If ever a program represented the downfall of a once-notable talent, this is it. The show was seemingly dreamt up to boost the flagging public image of Baldwin, who was then in the midst of criminal proceedings that resulted from a truly awful accident on the set of a movie: In 2021, while shooting the Western Rust, Baldwin’s prop gun discharged a bullet that resulted in the death of the cinematographer. (The charges were dismissed while the trial was underway last summer.) The Baldwins works overtime to showcase the softer side of its star, but when compared against his once-impressive movie career, it is pretty tepid stuff: Alec has gone from costarring with Sean Connery in The Hunt for Red October to giving the folks at home a tour of his closet.

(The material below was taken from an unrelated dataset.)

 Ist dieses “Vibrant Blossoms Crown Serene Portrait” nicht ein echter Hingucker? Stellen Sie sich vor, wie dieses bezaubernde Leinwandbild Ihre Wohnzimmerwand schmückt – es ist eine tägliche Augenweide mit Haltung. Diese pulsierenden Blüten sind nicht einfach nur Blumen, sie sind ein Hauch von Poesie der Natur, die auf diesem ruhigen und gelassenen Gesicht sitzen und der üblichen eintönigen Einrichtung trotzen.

How the mighty have fallen.
That’s when it occurred to me: Many of the Tenenbaums have lost some of their royal sheen in recent years.
Let us take the case of Gwyneth Paltrow, who played, with great indolent charm, the adult version of Margot Tenenbaum. Since she appeared in The Royal Tenenbaums some twenty-four years ago, Paltrow has starred in a grand total of three movies for which I have purchased a ticket: 2002’s Possession (a ho-hum literary adaptation), 2003’s Sylvia (a creditable biopic of Sylvia Plath), and 2005’s Proof (a ho-hum theatrical adaptation). I have missed (or avoided) the entire corpus of Iron Man. So inconsequential is Paltrow’s post-Margot screen career that my most vivid recollection of her from the last quarter century is her “appearance” in a 2023 civil trial in which a skiing eye doctor asserted that she bore responsibility for a ski collision some years back. The goofy legal proceedings were televised, etching in my memory her scoffing expression as the plaintiff gave his version of events and her supercilious answer on the stand when asked about how the incident in question had affected her: “Well, I lost half a day of skiing.”
Then there is the matter of Hackman—Mr. Royal Tenenbaum himself. Having long ago called it quits on his screen career, Hackman made his permanent home in Arizona in what everyone assumed was complete contentment—“assumed” because he seldom made himself available, post-retirement, to the press. After all, hadn’t the star of The French Connection, Hoosiers, and Unforgiven earned the right to while away his golden years without the inquiries of reporters or agents? But, in the fullness of time, it turned out that Hackman had perhaps too much solitude: In late February, the bodies of Hackman and his wife, Betsy Arakawa, were discovered in their home after having died at some ill-defined earlier point. Authorities later disclosed that Hackman was felled by heart disease—some number of days after his wife had perished after contracting hantavirus. All endings are sad, but this was one both sad and strange.
What about the rest of the cast? Well, Luke Wilson—aka Richie Tenenbaum—was unable to replicate the cinematic success of his sibling Owen Wilson, though Owen, a mere supporting player in The Royal Tenenbaums, hasn’t exactly lit the world on fire lately: If you had heard of his recent movies Bliss (2021), Marry Me (2022), or Secret Headquarters (2022), you were one step ahead of me. I grant that appearing in little-seen motion pictures is not so cruel a destiny as facing a criminal trial, like Baldwin; or making a fool of yourself in a civil trial, like Paltrow.
Am I saying that the cast of The Royal Tenenbaums is cursed? Not quite. My point is more prosaic: Not even glamorous and successful movie stars who had starred in what seemed like a charmed movie are exempt from the fickle finger of fate.
“Betrayal, failure, and disaster” were the words Baldwin used to describe the Tenenbaums. Phew—he was more right than he knew.